Why This course?

You’ve almost graduated with a degree in physics or astronomy.

You can solve differential equations, claim to understand quantum mechanics, and perhaps derive the Friedmann equations. So why do you need a course on data analysis?

Most of what you will do as a researcher is inverse problems – inferring unknowns from noisy, incomplete data. And most physics curricula don’t teach you how to do this rigorously.

You’ve probably done one or more of the following:

Fit lines to data with np.polyfit or curve_fit
Calculated error bars by “propagating uncertainties”
Looked at p-value and never really admitted to yourself that you don’t understand what it really means
Been confused about when to use $\chi^2$ or likelihoods
What this Bayesian religion is that people talk about

This course will change how you think about data. And it will make you rich. Rich beyond your wildest dreams! Either because you’ll use what you learn in this class in your research (now or in the future), or because you’ll use what you learn here when you go into industry. Or in the worst possible scenario, you’ll be rich with knowledge. The point is: don’t feel upset if you have no plans to use rigorous data analysis methods in the future. This course will still be extremely valuable to you.

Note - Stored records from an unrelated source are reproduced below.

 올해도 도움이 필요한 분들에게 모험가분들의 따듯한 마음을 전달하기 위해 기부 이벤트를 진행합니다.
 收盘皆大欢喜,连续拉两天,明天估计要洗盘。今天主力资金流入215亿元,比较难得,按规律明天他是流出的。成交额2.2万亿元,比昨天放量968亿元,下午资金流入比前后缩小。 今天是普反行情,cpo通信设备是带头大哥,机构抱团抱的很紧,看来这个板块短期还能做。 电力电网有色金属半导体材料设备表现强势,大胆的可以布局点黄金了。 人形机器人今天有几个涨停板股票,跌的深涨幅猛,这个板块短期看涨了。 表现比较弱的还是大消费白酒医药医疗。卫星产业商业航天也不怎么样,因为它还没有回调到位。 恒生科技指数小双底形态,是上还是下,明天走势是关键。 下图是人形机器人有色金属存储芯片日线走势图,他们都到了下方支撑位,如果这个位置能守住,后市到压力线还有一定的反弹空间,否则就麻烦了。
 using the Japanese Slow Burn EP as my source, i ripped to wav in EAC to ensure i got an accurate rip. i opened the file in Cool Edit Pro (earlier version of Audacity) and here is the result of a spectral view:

This course will change how you think about data.

Generative Models

In the physical sciences the right way to think about data is to think about how it was generated. That is to say: what set of inputs had some impact on the measured values. Here is a more formal definition:

A generative model is a parametrised, quantitative description of a statistical procedure that could reasonably have generated the data set you have. ¹

Now consider that you have been given some data set consisting of $x$ and $y$ values. You are asked to provide a model that describes these data. Each data point has uncertainties in the $x$- and $y$- direction, and perhaps there could even be some covariance between the uncertainties in each direction.

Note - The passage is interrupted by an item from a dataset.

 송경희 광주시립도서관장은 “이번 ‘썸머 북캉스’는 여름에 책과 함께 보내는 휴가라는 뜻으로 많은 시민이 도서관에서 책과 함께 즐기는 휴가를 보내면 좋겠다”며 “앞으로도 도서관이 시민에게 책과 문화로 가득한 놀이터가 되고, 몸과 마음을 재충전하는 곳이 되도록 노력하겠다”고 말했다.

generative-models — A simple data set that could have been generated by a straight line. Data points have uncertainties in the $x$- and $y$- directions, and the uncertainty in each direction is correlated and different for each data point.

We will assume that the data can be modelled by a straight line, which is the simplest model we can think of. We can imagine something more exotic later, but it is always the right idea to start simple. Note that we almost never know if the model we have adopted is the true model or not, but incorrect models are still useful!

Here are model – or more specifically a generative model – is one that can describe how measured data points were generated. When you have a generative model then there is very little arbitrariness: if the choice of model or method is not consistent, then that will become apparent. You can imagine a generative model is one where if you “turned the crank”, then it would generate more data points for you (perhaps given some inputs $x$).

Now, you might think that if there is a problem in physics or astronomy that is so simple that it can be fit with just a straight line, then it cannot be an interesting problem.

The Hubble Constant

The Hubble Constant describes the current rate of the Universe’s expansion. It is usually expressed in units of kilometers per second per megaparsec. If you want to measure the expansion rate of the Universe today then it seems relatively straightforward:

Measure distances to galaxies: $d_i \pm \sigma_{d,i}$
Measure recession velocities: $v_i \pm \sigma_{v,i}$
Fit: $v = H_0 \cdot d$
Report: $H_0 \pm \sigma_{H_0}$

But reality is messy:

Distance measurements have asymmetric errors (not Gaussian!)
Unknown systematic uncertainties (Cepheid calibration, SN Ia standardization)
Selection effects: You can only measure galaxies above a brightness threshold
Outliers: Some galaxies have peculiar velocities
Model uncertainty: Is the relation exactly linear? Should we include a redshift correction?
Prior information: Previous measurements (Planck, HST) disagree—how do we combine them?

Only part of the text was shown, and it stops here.